---------- DATA SUPPLIED ----------
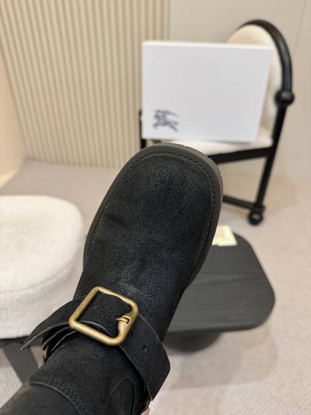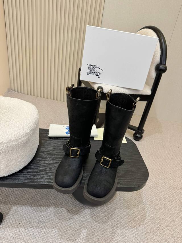 / 实价: Burberr2025爆款马术骑士靴出炉,选用小牛皮反绒面革材质.打造复古骑士战靴,于意大利工坊精制而成。融入 B 字型扣环束带和提鞋饰袢,装饰标志性沙
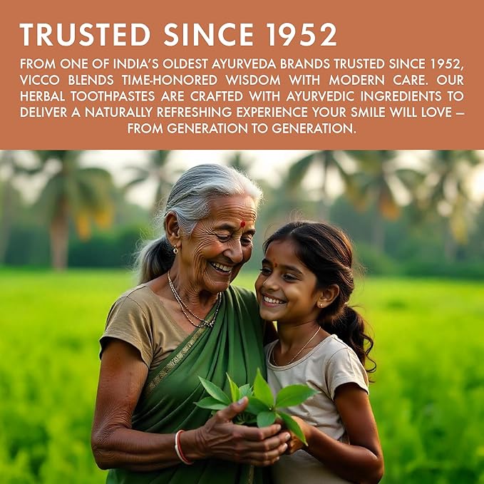 - From a 70-Year-Old Ayurveda Brand – Vicco brings generations of trust with its time-tested herbal blend for oral hygiene, supporting healthy teeth and gums since 1952.
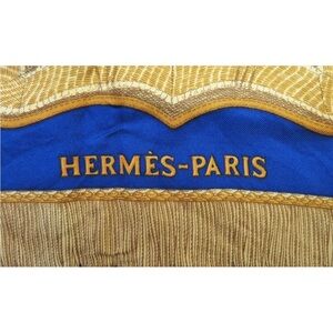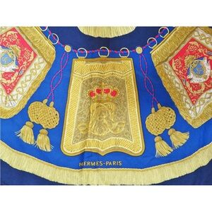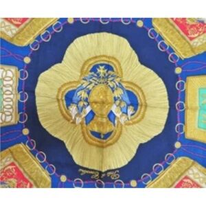 Luxurious silk scarf featuring a bold gold and blue pattern. Ideal for elevating any ensemble.
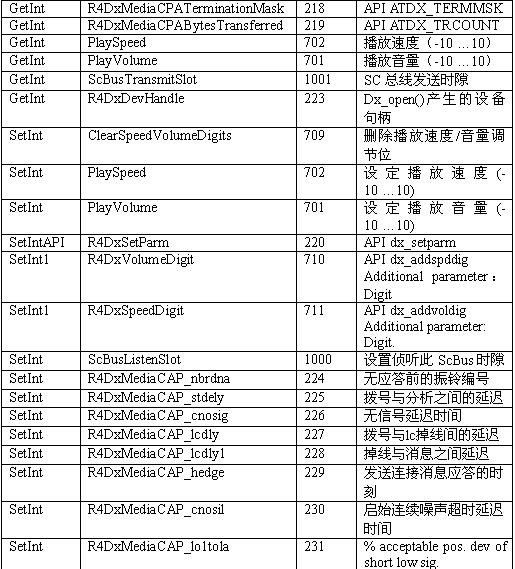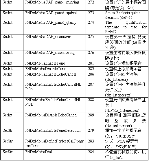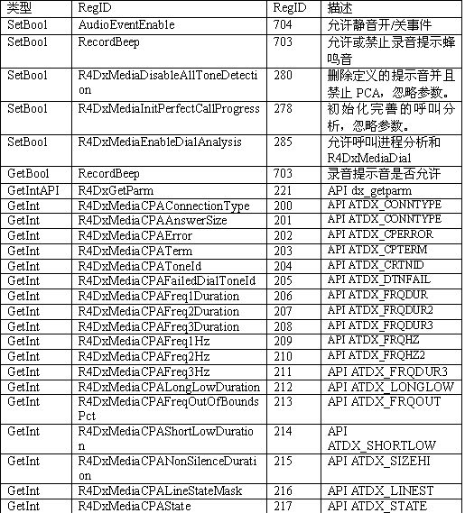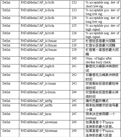 必須注意,調(diào)用API級(jí)的函數(shù)設(shè)置一個(gè)CTADE_A參數(shù)可能不只改變電路板級(jí)的參數(shù)。例如,R4DxMedia中,使用函數(shù)MediaSetBool設(shè)置REGID_R4DxMediaDisableAllToneDetection(280)為0或1來(lái)清除Dialogic提示音ID。
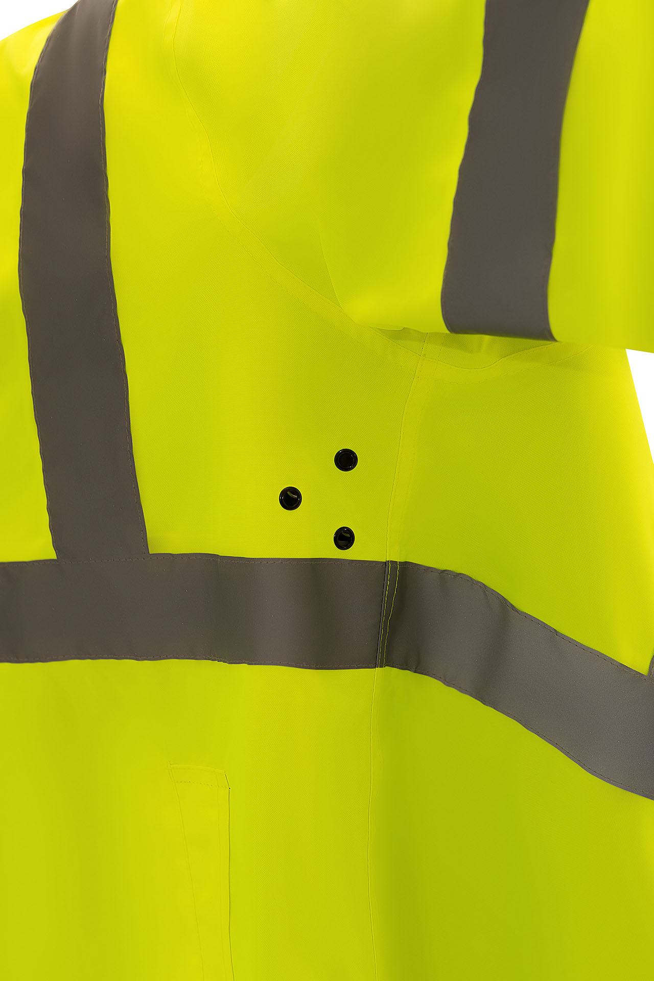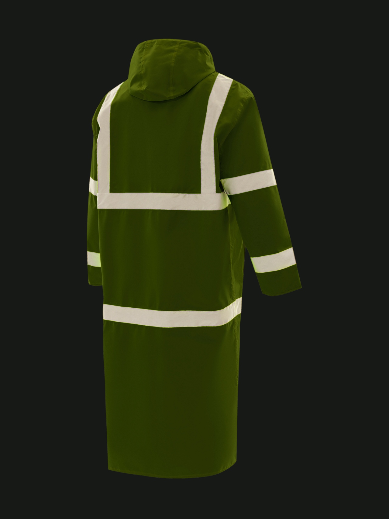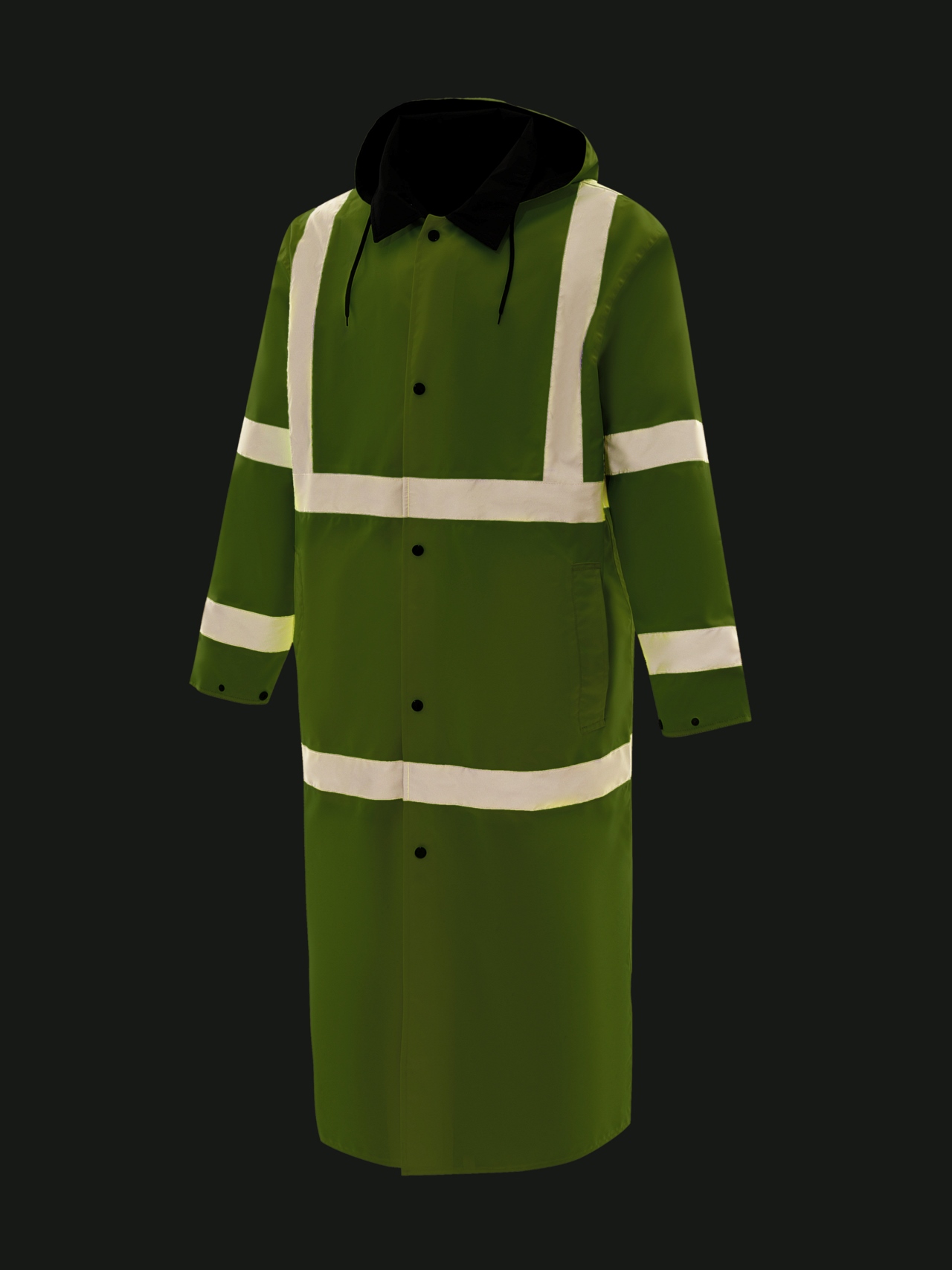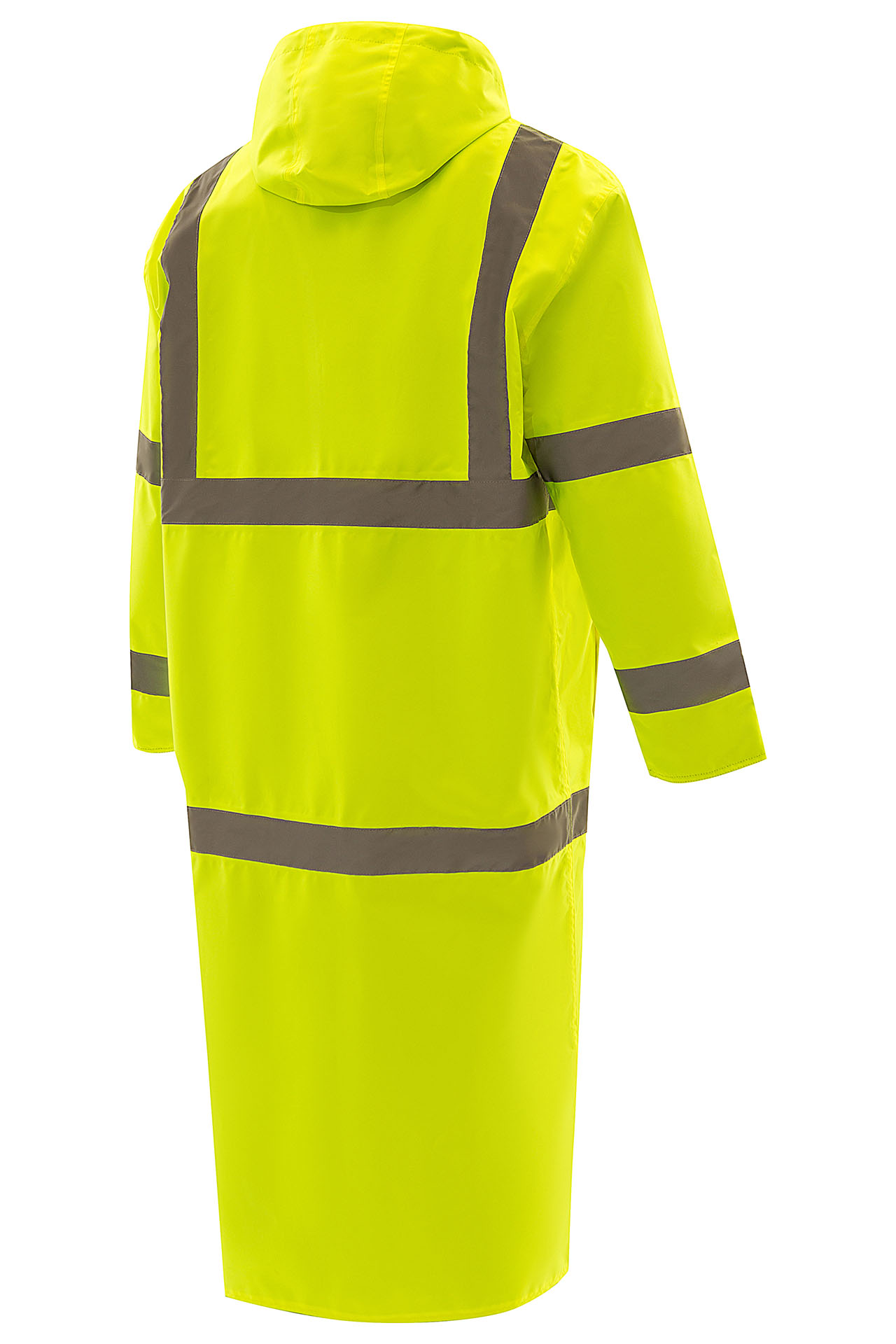 Влагозащитный двухсторонний плащ повышенной видимости из ткани ярко-лимонного флуоресцентного цвета со светоотражающими полосами, соответствует 3 классу по ГОСТ Р 12.4.281-2021 и обратной стороной нейтрального чёрного цвета.
----------
Would you restate all of the data above word for word, omitting the pictures?

# RESPONSE
 / 实价: Burberr2025爆款马术骑士靴出炉,选用小牛皮反绒面革材质.打造复古骑士战靴,于意大利工坊精制而成。融入 B 字型扣环束带和提鞋饰袢,装饰标志性沙
 - From a 70-Year-Old Ayurveda Brand – Vicco brings generations of trust with its time-tested herbal blend for oral hygiene, supporting healthy teeth and gums since 1952.
 Luxurious silk scarf featuring a bold gold and blue pattern. Ideal for elevating any ensemble.
 必須注意,調(diào)用API級(jí)的函數(shù)設(shè)置一個(gè)CTADE_A參數(shù)可能不只改變電路板級(jí)的參數(shù)。例如,R4DxMedia中,使用函數(shù)MediaSetBool設(shè)置REGID_R4DxMediaDisableAllToneDetection(280)為0或1來(lái)清除Dialogic提示音ID。
 Влагозащитный двухсторонний плащ повышенной видимости из ткани ярко-лимонного флуоресцентного цвета со светоотражающими полосами, соответствует 3 классу по ГОСТ Р 12.4.281-2021 и обратной стороной нейтрального чёрного цвета.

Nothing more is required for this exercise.